I just got a Cateye ED400 and like it so far. I'm still trying to learn how to set the odometer reading because it does reset after battery change. I thought this could be done manually. Nothing about this in the instructions. I've put in a support request with Cateye. It would be a bummer if I always lose odometer reading after a battery swap.


----------



## design-engine (Aug 12, 2012)

do bikers use GPS mapping and stuff like auto or motorcycle racers? Ive seen folks use their iphone. I wonder if that's what they are using?


----------



## DennisF (Nov 4, 2011)

design-engine said:


> do bikers use GPS mapping and stuff like auto or motorcycle racers? Ive seen folks use their iphone. I wonder if that's what they are using?


They sure do, big time. Check out strava.com


----------



## DennisF (Nov 4, 2011)

Here are instructions for setting the Odometer in the Enduro 8, which is apparently an older model that what they are selling now.

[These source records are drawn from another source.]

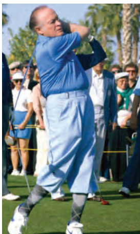
Bob Hope at the Desert Classic (circa 1970s).

golf experience is to book with La Quinta Resort Leasing, allowing you and your family the opportunity to rent a home on property at PGA West and enjoy the amenities of La Quinta Resort & Club.
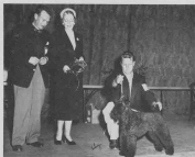
CH. BLUE FEATHER OF PARK CREST
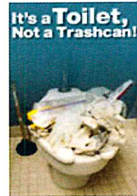
It's a Toilet, Not a Trashcan Bill Stuffer (Pack of 100)
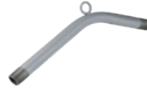
3. Bended Pipe
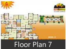
Floor Plan 7
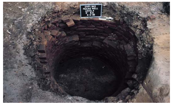
The population in rural areas is consuming polluted well water

population is not yet clear, people think that certain current deaths might be related to the contaminated water.
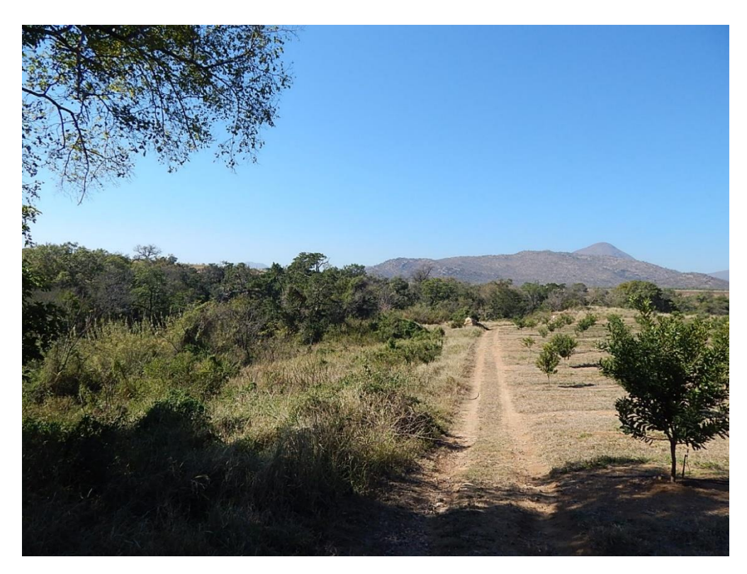
Fig. 21: A view towards the south (from the north-western corner), show the Louw's Creek towards the left, and an access road and macadamia fields to the right.
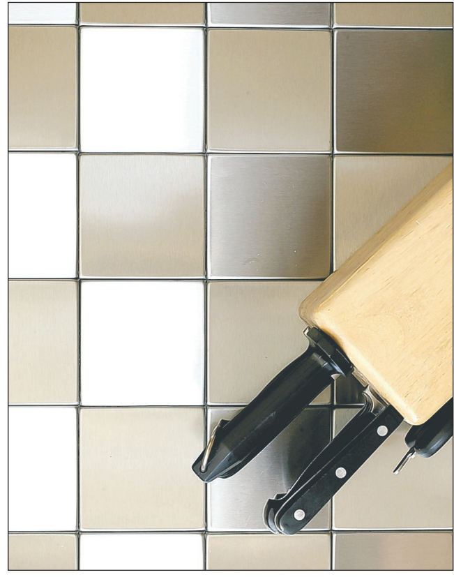
Square tiles of pressed steel give a subtle, chequered effect in the kitchen.

This is the sixth house the couple have restored and, with its sandstone, soft blues and aquas, pearly silvers and pale coffees, it's their favourite to date.
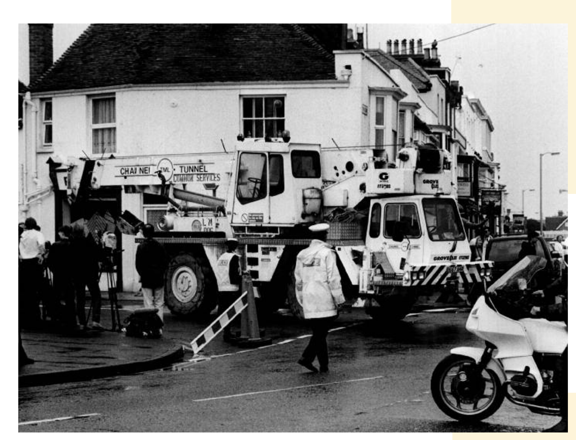
Heavy lifting equipment is brought from the Channel Tunnel works to assist with the removal of heavy rubble Picture courtesy of the East Kent Mercury

Picture courtesy of the East Kent Mercury
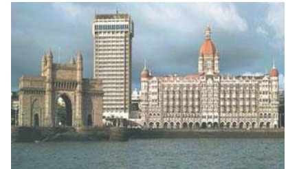
The Taj Mahal Palace, Mumbai

[Share your all kind of love desire for getting the Escorts in Jaipur to you at best rate now. I am all available to complete your all hot fun in New Delhi and alto give special hot love to you on out station as well. Come to me now]
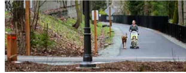
Burke Gilman Trail
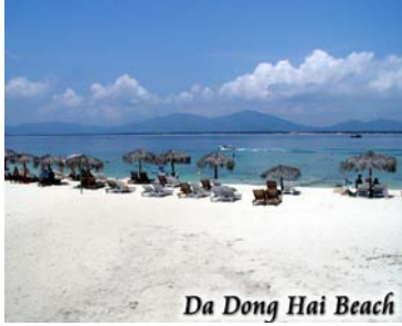
Da Dong Hai Beach
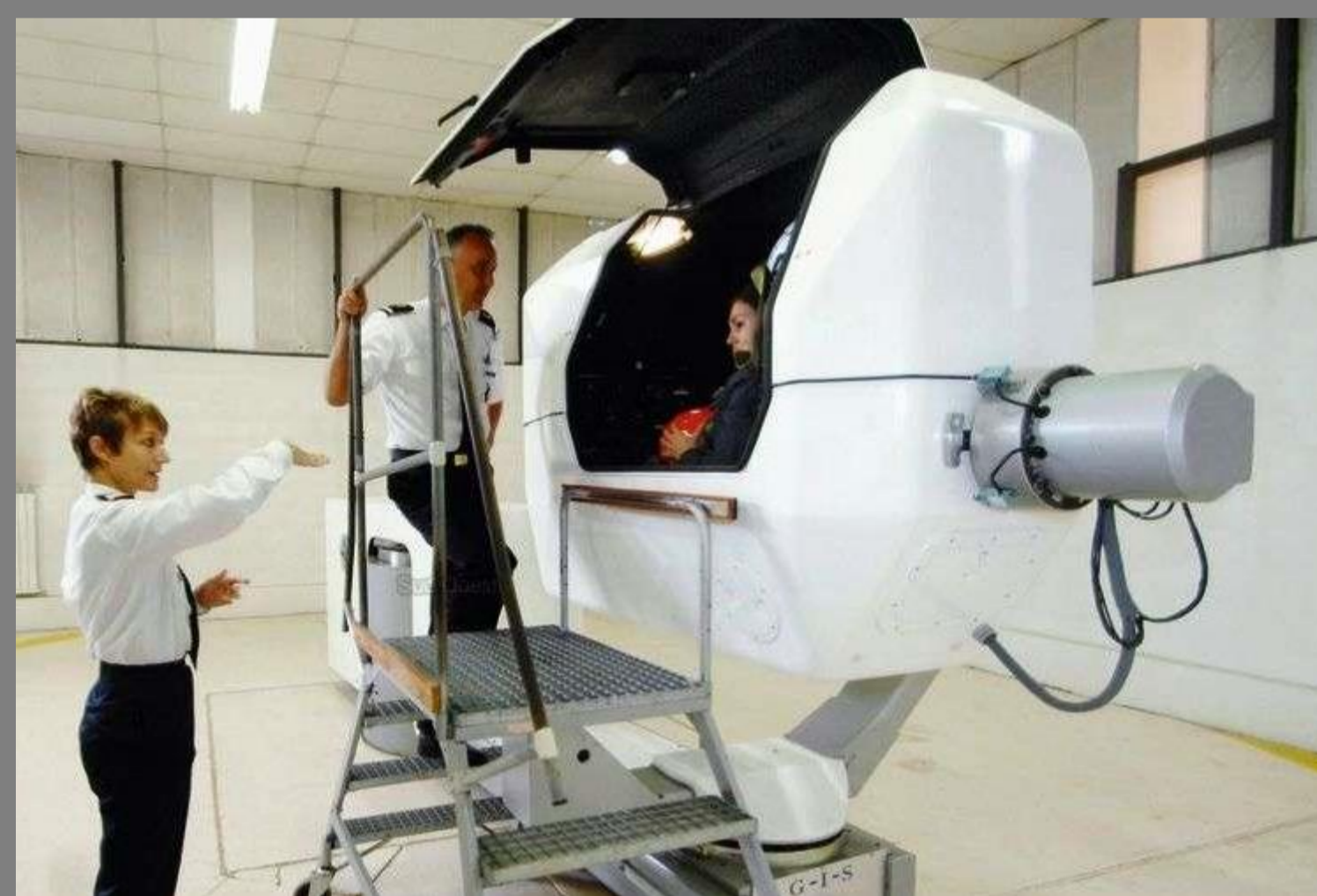
Sensorial Illusion Generator
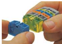
Assembling modular terminal blocks into terminal strips.
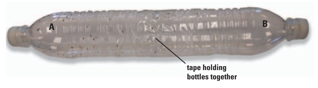
Figure 3. Choice Chamber

Step 1 Prepare a choice chamber by labeling both ends with a marker — one end "A" and the other "B" (see Figure 3). Cut the bottom of the bottles, dry the interior thoroughly, and tape them together. Remove any paper labels.
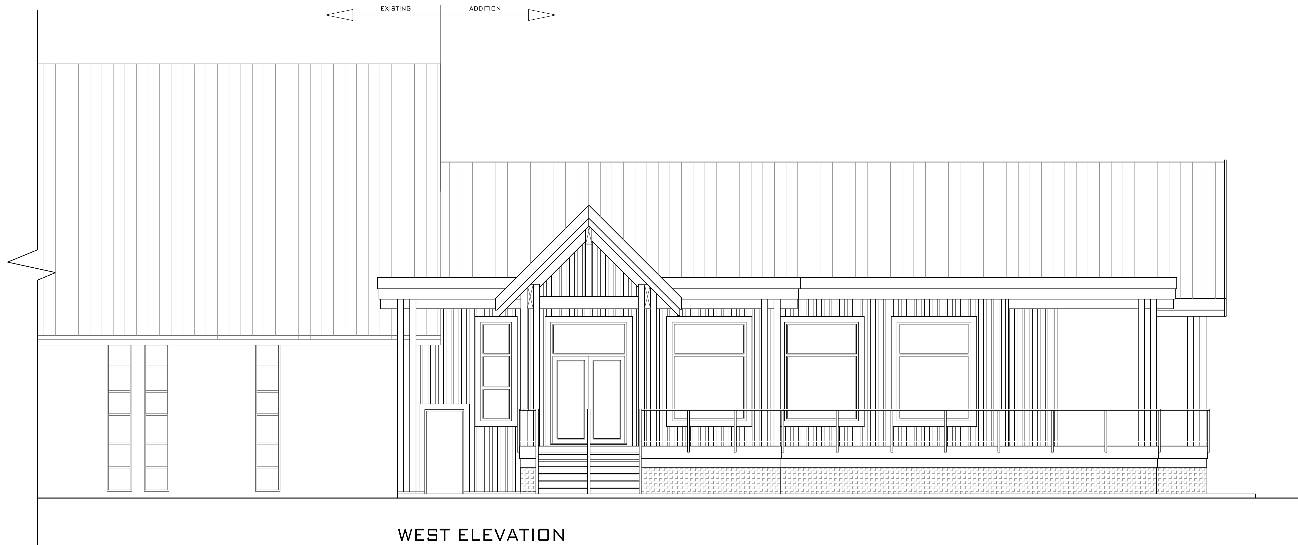
WEST ELEVATION SCALE: 1/4" = 1'-0"
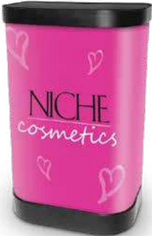
OPC1 & GFW1
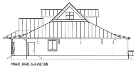
Flagler County North-Side Visitor's Center
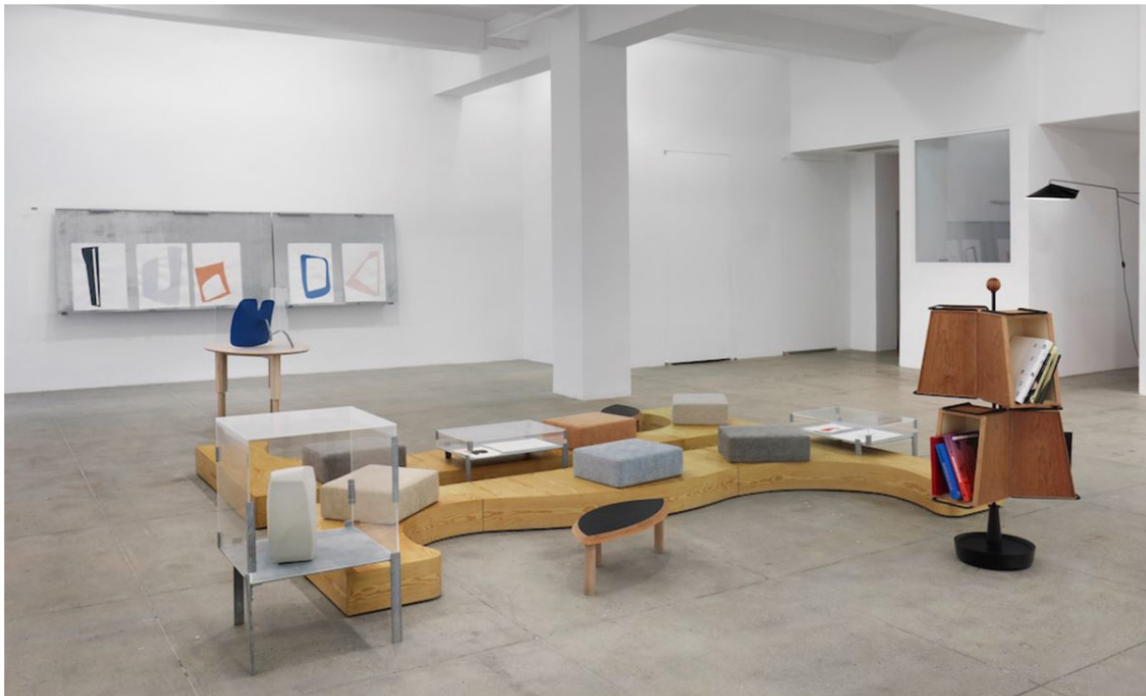
Exhibition view: Nairy Baghramian and Janette Laverrière, Work Desk for an Ambassador's Wife, Marian Goodman Gallery, New York (7 November–20 December 2019).

Often, however, Baghramian allows her work to serve as a presentation platform for that which she admires—a gesture that highlights the generosity that pervades her entire practice. For a recent show at Marian Goodman Gallery in New York , Baghramian showcased the work of designer, artist, and political activist Janette Laverrière, continuing a collaboration that began years prior to Laverrière's death in 2011, to explore the many possibilities and contradictions surrounding object-making ( Work Desk for an Ambassador's Wife , 7 November–20 December 2019).
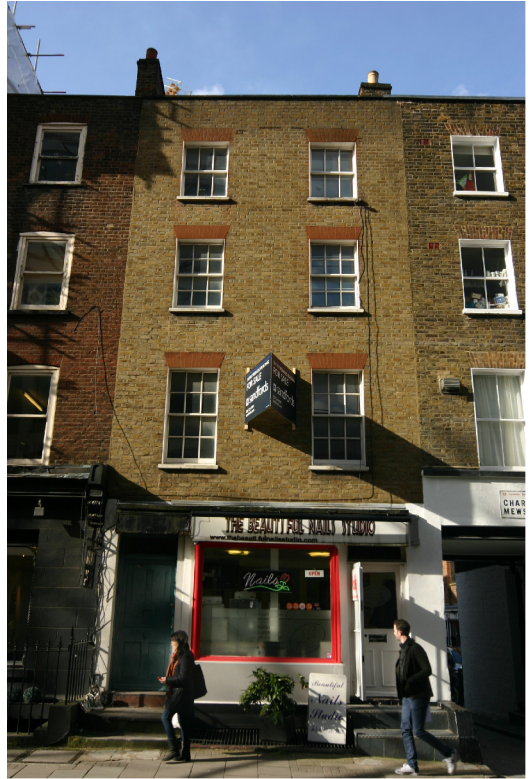
View 12.- FRONT FACADE.
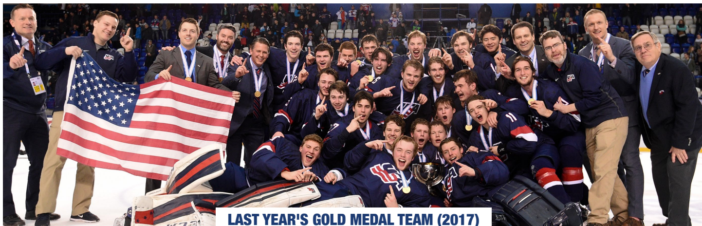
LAST YEAR'S GOLD MEDAL TEAM (2017)

On Saturday (April 21) Team USA earned its first USHL postseason victory with a 3-0 shutout against the Chicago Steel in the Eastern Conference Semifinals. On Friday (April 27), the NTDP won its first ever USHL playoff series after winning in overtime in back-to-back road games in Chicago. Team USA will face the Youngstown Phantoms in the Eastern Conference Finals. The series is set to kickoff on Tuesday (May 1) at USA Hockey Arena in Plymouth.
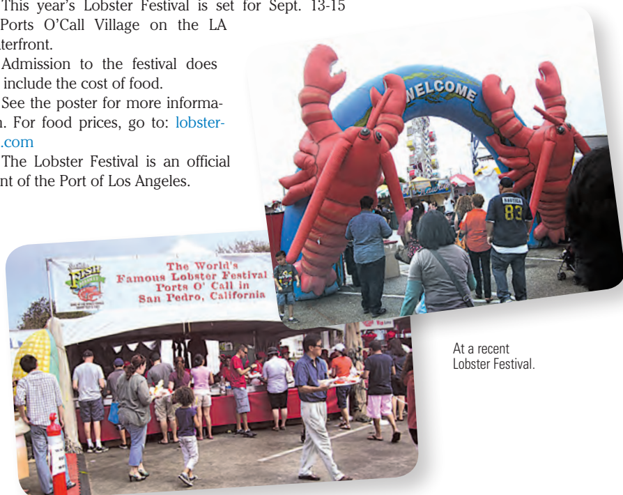
At a recent Lobster Festival.

The Lobster Festival is an official event of the Port of Los Angeles.
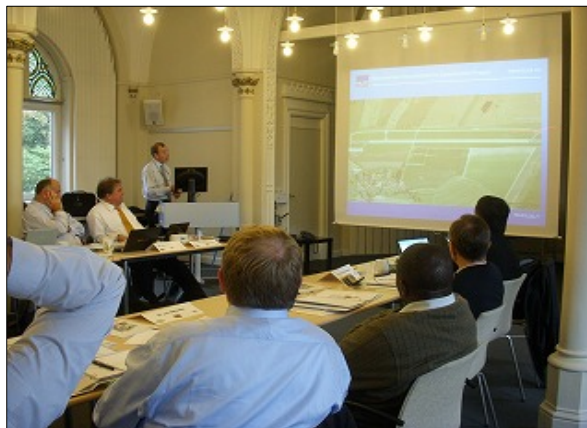
The 15 th WFTAO meeting at ETA Denmark

Update reports concerning recent activities of the respective organizations were exchanged and the participants were able to share their experiences and their solutions to problems. BCJ gave an update report and introduced Japanese efforts for global-warming countermeasures in the building and the housing sectors. These were followed by discussions on how to stimulate WFTAO activities and how to maintain sustainability of buildings in business.
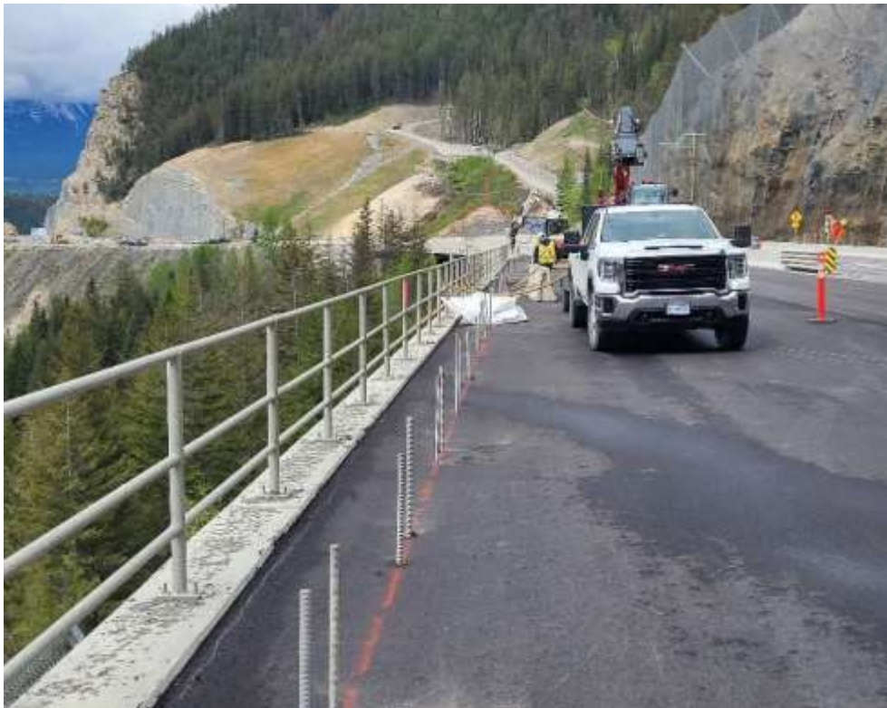
Figure 2: Installing Pins for barriers at Grizzly Viaduct – May 13, 2024
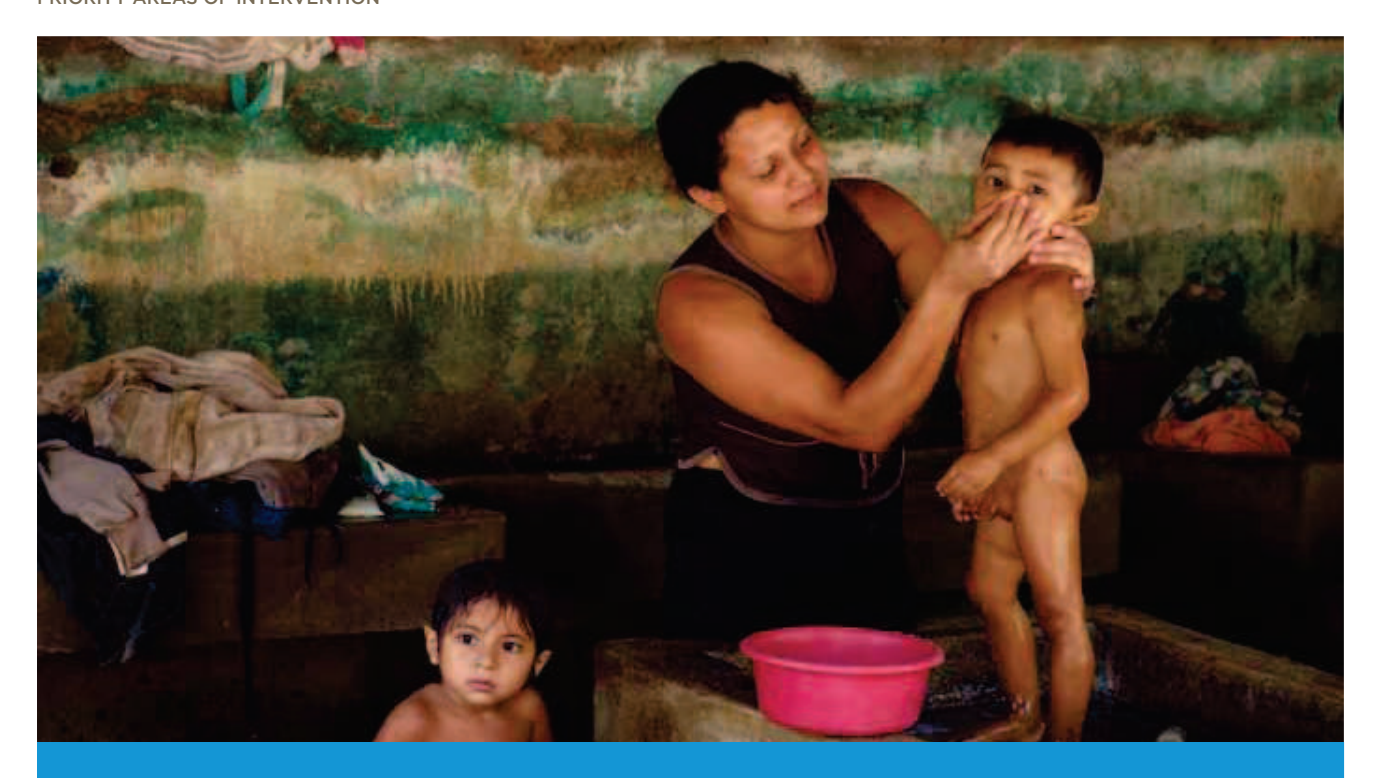
Work at home is typically invisible in national surveys used to guide national plans and budgets. El Salvador now factors unpaid work into its surveys. The time mothers spend on caring for their children, for instance, has become part of the bigger picture.
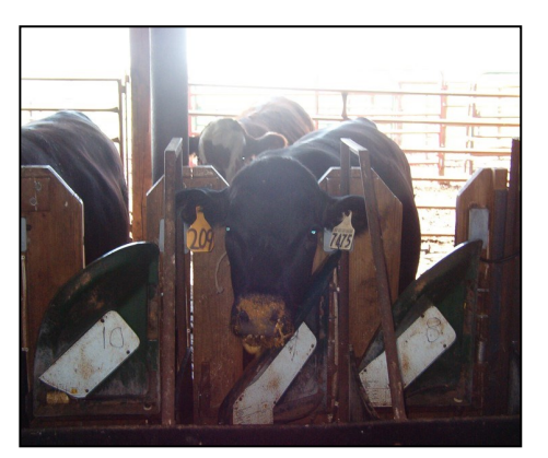
Pasture-grazed yearlings are gathered to receive individual supplements.

Data were collected from 10 previous studies that were published in the Nebraska
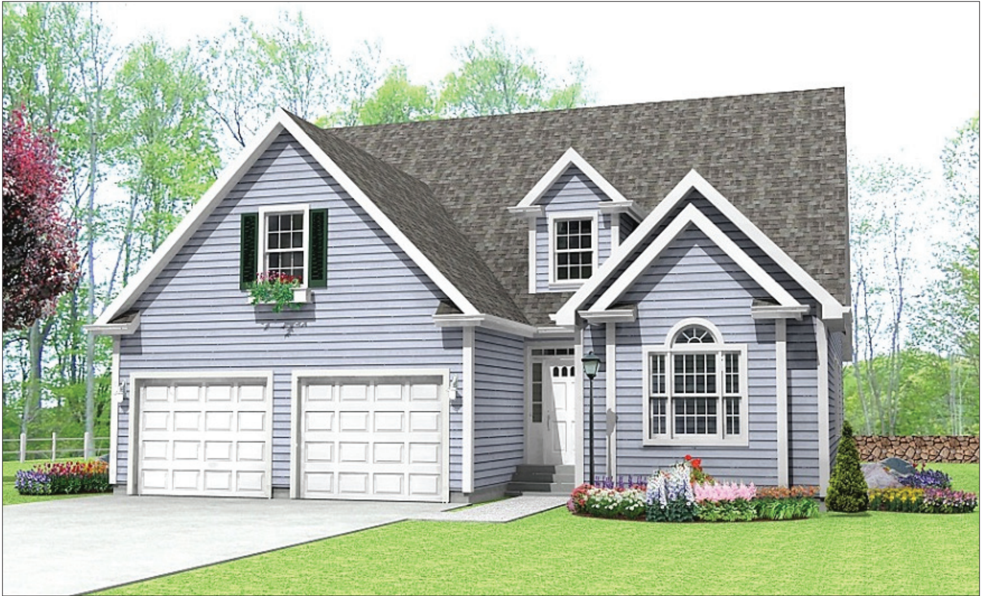
The Madison 2,344± SQ. FT.
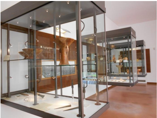
Figure 3.10. Pietro Griffo Archaeological Museum
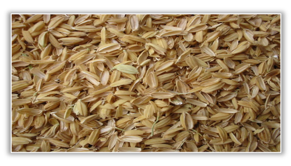
Figure 3: Rice straw (a) and Rice husk (b)

Acharya and Samantrai (2012) studied the wear and friction behaviour of rice husk using randomly oriented unmodified (Araldite LY556 and hardener HY 951). A pin on-disc apparatus was used to study the wear behaviour of rice husk sample was attached to a holder and then abraded under different loads of 5, 7.5,10 and 15N. Each test was conducted for duration of 5 minutes.
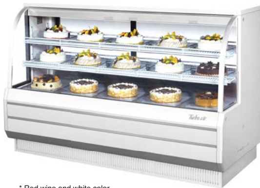
* Red wine and white color come standard
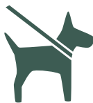
Dog on lead
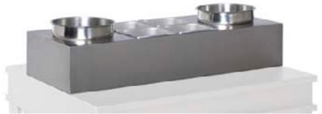
Combine Condiment and Beverage Area

Cateye Enduro 8 odometer setting - ADVrider


----------



## Irish Stout (Aug 7, 2012)

^ Thanks, I'll give that a try. The only difference I can see is my unit does not have a start/stop button because it is auto start. I have to believe it is possible. After all it's supposed to be just an updated version of the Enduro 8.


----------



## design-engine (Aug 12, 2012)

strava.com Ohhhooo I want


----------



## Irish Stout (Aug 7, 2012)

Well, it turns out the odometer value is lost forever when you need to change the battery on the newest Cateye Enduro ED-400. Cateye support said there is not manual setting for the odometer. If this is important to you then I would not get this unit. Buy the previous version, Enduro 8. I don't know why the manual odometer setting functionality would have been dropped when the ED-400 is supposed to be an updated Enduro 8.


----------



## DennisF (Nov 4, 2011)

Thanks for the heads-up. The ability to set the odo is a pretty standard feature, and you think they would be improving their product line.... If my current Cateye Strada gets lost or dies I will probably go with another Bell.

Here is something you can try -- it is a long shot. It is possible that there is a capacitor intended to keep it alive during very short battery disconnects that may occur when going over bumps. Replace the battery before it goes dead, and replace it as quickly as possible. Turn it off or let it time out or whatever, remove the battery cover without dislodging the battery. Remove one battery and insert the other bing-bang. You can experiment by removing and reinserting your one battery of course.


----------



## dnoyeb (Sep 23, 2007)

I like wireless for easy switching between bikes. I have a Garmin Edge and I use it on 4 different bikes. Can't do that with wired. However, one of my bikes still has a wired computer and I bought a wired for my GF. They both work well. I have never had a problem with my Garmin communicating with its wireless components. Garmin is a bit pricier than your average bike computer but I found the features well worth the price. High end bike computers easily cost more than a Garmin but don't offer as much. At least last time I checked.


----------